Listed entries:
------------------------------

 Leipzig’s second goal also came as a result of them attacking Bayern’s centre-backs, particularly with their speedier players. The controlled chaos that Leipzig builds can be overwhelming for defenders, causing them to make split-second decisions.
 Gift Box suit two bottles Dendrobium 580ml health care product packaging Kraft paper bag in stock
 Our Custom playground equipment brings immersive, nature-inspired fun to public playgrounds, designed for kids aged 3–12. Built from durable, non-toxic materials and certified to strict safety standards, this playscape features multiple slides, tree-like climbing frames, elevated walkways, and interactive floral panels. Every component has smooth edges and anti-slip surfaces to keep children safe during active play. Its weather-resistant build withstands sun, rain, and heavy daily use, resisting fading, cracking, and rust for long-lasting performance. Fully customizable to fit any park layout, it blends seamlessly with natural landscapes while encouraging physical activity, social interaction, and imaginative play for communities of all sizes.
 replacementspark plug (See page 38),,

------------------------------

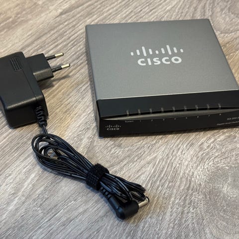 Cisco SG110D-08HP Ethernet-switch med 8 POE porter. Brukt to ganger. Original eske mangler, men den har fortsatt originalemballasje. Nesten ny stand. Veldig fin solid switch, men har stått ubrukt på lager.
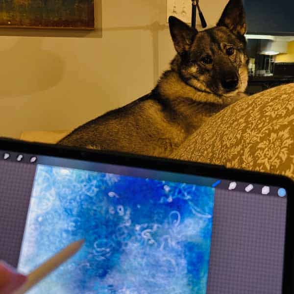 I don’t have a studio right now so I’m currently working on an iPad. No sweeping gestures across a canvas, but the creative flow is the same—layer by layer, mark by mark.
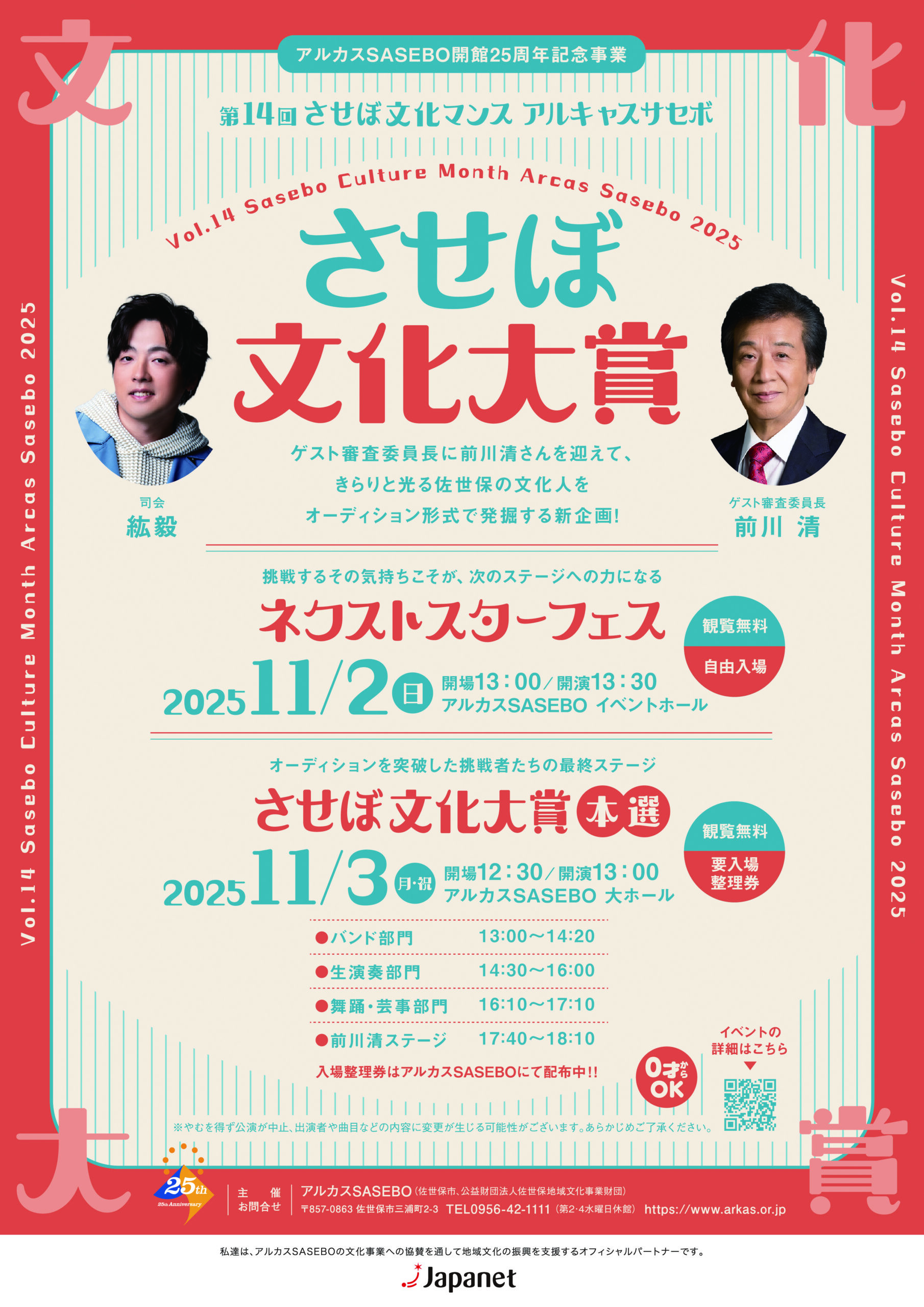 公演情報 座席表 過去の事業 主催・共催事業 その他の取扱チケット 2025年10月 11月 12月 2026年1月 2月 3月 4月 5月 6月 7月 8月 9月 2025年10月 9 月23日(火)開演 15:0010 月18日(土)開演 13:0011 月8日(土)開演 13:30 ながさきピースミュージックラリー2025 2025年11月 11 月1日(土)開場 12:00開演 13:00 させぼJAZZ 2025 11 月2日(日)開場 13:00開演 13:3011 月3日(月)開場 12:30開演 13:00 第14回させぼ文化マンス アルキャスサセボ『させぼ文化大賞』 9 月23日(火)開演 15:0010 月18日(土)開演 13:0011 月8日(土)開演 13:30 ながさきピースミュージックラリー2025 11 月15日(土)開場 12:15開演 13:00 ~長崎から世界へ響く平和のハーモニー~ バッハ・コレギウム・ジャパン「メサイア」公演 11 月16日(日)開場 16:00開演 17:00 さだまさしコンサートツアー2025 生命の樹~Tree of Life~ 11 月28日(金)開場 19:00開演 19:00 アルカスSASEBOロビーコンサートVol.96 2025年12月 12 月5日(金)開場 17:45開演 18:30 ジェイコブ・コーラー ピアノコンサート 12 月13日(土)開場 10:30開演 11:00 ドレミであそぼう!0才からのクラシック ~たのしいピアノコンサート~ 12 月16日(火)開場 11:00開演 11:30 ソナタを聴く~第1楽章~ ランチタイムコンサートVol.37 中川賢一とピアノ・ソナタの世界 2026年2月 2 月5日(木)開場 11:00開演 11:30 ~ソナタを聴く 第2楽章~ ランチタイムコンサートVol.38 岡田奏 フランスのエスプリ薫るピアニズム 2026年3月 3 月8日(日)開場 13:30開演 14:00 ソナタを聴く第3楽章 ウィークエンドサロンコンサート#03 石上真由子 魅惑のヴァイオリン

------------------------------

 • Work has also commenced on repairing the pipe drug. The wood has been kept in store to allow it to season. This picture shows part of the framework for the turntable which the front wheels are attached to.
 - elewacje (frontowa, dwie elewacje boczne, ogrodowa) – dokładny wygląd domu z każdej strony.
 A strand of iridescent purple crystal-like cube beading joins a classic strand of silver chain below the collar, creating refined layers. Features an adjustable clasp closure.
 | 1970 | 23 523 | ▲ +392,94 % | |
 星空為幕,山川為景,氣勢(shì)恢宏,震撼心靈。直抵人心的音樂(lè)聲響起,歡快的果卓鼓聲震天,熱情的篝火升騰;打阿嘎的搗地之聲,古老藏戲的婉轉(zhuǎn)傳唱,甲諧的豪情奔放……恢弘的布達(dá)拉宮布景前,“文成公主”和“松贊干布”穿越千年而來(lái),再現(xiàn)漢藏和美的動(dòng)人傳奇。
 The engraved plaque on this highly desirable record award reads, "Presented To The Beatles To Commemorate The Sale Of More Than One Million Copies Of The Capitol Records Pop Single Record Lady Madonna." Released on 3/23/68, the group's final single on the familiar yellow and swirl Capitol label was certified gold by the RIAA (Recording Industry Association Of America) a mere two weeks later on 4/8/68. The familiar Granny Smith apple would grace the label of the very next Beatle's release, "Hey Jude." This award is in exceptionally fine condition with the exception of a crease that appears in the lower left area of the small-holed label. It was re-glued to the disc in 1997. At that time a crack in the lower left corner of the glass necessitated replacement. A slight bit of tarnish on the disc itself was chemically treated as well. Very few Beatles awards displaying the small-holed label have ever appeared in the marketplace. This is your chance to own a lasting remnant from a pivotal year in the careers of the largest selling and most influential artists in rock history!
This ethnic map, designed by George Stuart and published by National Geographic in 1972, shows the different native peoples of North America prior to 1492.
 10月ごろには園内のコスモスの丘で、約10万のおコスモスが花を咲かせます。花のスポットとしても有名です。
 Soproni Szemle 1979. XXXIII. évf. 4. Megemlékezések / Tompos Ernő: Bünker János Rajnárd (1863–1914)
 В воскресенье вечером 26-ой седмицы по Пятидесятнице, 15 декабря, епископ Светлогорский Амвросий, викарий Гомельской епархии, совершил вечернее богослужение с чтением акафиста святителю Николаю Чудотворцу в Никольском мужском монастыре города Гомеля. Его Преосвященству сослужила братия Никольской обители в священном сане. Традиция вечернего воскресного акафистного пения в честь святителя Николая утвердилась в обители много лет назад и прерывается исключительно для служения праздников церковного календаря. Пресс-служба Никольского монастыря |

------------------------------

Starting with the line above that holds "are attached to." and stopping with the line that holds "星空為幕,山川為景,氣勢(s", reproduce each line exactly, omitting all other lines.

 • Work has also commenced on repairing the pipe drug. The wood has been kept in store to allow it to season. This picture shows part of the framework for the turntable which the front wheels are attached to.
 - elewacje (frontowa, dwie elewacje boczne, ogrodowa) – dokładny wygląd domu z każdej strony.
 A strand of iridescent purple crystal-like cube beading joins a classic strand of silver chain below the collar, creating refined layers. Features an adjustable clasp closure.
 | 1970 | 23 523 | ▲ +392,94 % | |
 星空為幕,山川為景,氣勢(shì)恢宏,震撼心靈。直抵人心的音樂(lè)聲響起,歡快的果卓鼓聲震天,熱情的篝火升騰;打阿嘎的搗地之聲,古老藏戲的婉轉(zhuǎn)傳唱,甲諧的豪情奔放……恢弘的布達(dá)拉宮布景前,“文成公主”和“松贊干布”穿越千年而來(lái),再現(xiàn)漢藏和美的動(dòng)人傳奇。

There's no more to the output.